Smoothed densities are good for visualizing the shape of a distribution

There are two ways to produce smoothed densities:

  • Nonparametric (previous lecture)

    • Pick a bandwidth and kernel, then fit a kernel-smoothed density
  • Parametric (this lecture)

    • Specify a distribution (e.g., normal), estimate the parameters, and fit the corresponding pdf

Review: display full distribution with ECDF plots

Pros:

  • Displays all of the data (sorted)

  • Does NOT require any parameters to adjust

  • As \(n \rightarrow \infty\), the ECDF \(\hat F_n(x)\) converges to
    the true CDF \(F(x)\)

Cons:

  • What are the cons?
penguins |> 
  ggplot(aes(x = flipper_len)) +
  stat_ecdf()

What is the relationship between these two figures?

Probability distributions

A distribution is a mathematical function \(f(x \mid \theta)\) where

  • \(x\) may take on continuous or discrete values over the domain (i.e. all possible inputs) of \(f(x \mid \theta)\)
  • \(\theta\) is a set of parameters governing the shape of the distribution
    • e.g. \(\theta = \{\mu, \sigma ^2 \}\) for a normal/Gaussian distribution
  • the \(\mid\) symbol means that the shape of the distribution is conditional on the values of \(\theta\)
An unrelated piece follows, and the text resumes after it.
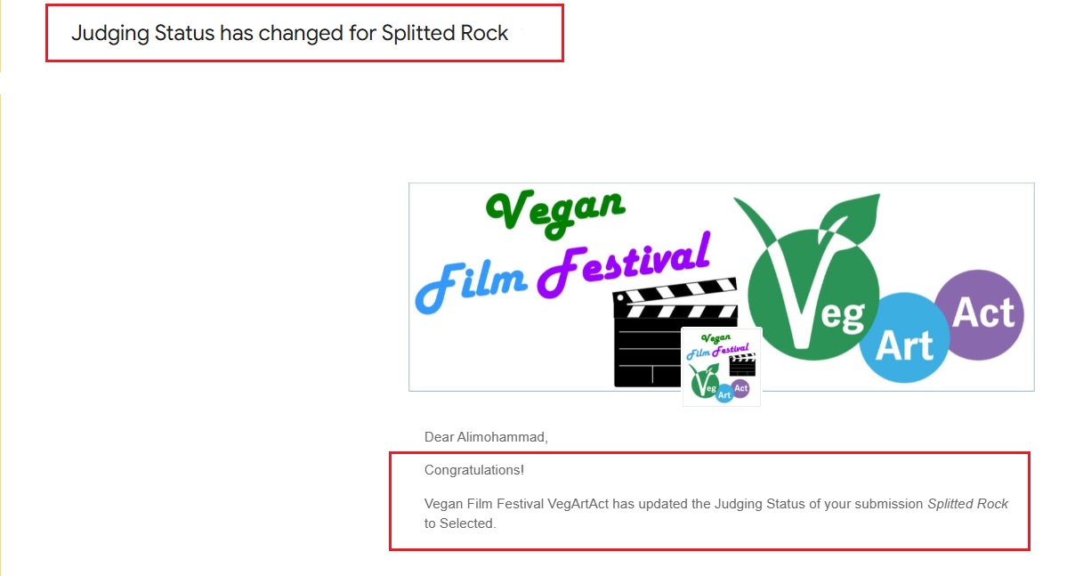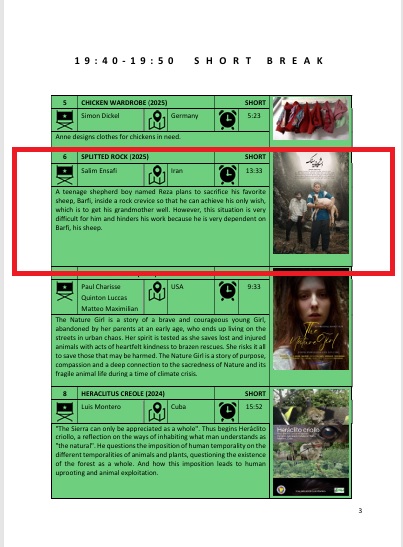 IRAN FILM PORT (An Iranian Films Agency and Distribution) announces formally and proudly that the short film named "Splitted Rock", directed and produced by "Salim Ensafi" has been officially selected at "The Vegan Film Festival VegArtAct" in Greece 2025. This film is being distributed by "IRAN FILM PORT" company, under the supervision of "ALIMOHAMMAD EGHBALDAR".

Let \(f\) denote the distribution for its

  • probability density function (PDF) if \(x\) is continuous
  • probability mass function (PMF) if \(x\) is discrete

Note:

  • \(f(x \mid \theta) \geq 0\) for all \(x\)
  • \(\displaystyle \sum_x f(x \mid \theta) = 1\) (discrete case) or \(\displaystyle \int_x f(x \mid \theta) = 1\) (continuous case)

Example: Normal distribution

  • Given \(X \sim N(\mu, \sigma^2)\)

  • PDF: \(\displaystyle{f}(x \mid \mu, \sigma^2) = \frac{1}{\sigma\sqrt{2\pi}} \exp \left\{ -\frac{1}{2} \left(\frac{x-\mu}{\sigma}\right)^2 \right\}\) for \(x \in (- \infty, \infty)\)
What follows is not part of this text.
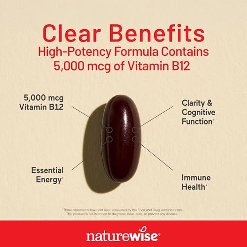 NatureWise Vitamin B12 5000 mcg – Extra Strength – Supplement for Supporting Energy Levels, Mental Clarity, Nervous System Health – Easy-to-Swallow, Soy and Gluten-Free, Non-GMO – 60 Softgels

  • Standard normal distribution: \(N(0, 1)\)

tibble(x = c(-5, 5)) |> 
  ggplot(aes(x)) +
  stat_function(fun = dnorm, color = "blue",
                args = list(mean = 0, sd = 1)) +
  stat_function(fun = dnorm, color = "red",
                args = list(mean = -2, sd = sqrt(0.5)))

Distribution functions in R

Example: normal distribution

  • dnorm(): normal density function

  • pnorm(): normal cumulative distribution function (fraction of values smaller than)

  • qnorm(): normal quantile function (inverse of cumulative distribution)

  • rnorm(): generate normal random variables

Note: Replace “norm” with the name of another distribution, all the same functions apply

  • e.g., “t”, “exp”, “gamma”, “chisq”, “binom”, “pois”, “unif”, etc.

See this manual for more details

Parametric density estimation

  • Instead of trying to estimate the whole \(f(x)\) non-parametrically, assume a particular distribution \(f(x)\) and estimate its parameters

  • For example, assume \(X_i \sim N(\mu, \sigma^2)\). Then use the observed data to estimate the parameters \[\hat{\mu} = \bar{x} = \frac{1}{n} \sum_{i=1}^n x_i \quad \text{and} \quad \hat{\sigma}^2 = \frac{1}{n-1} \sum_{i=1}^n (x_i - \bar{x})^2\]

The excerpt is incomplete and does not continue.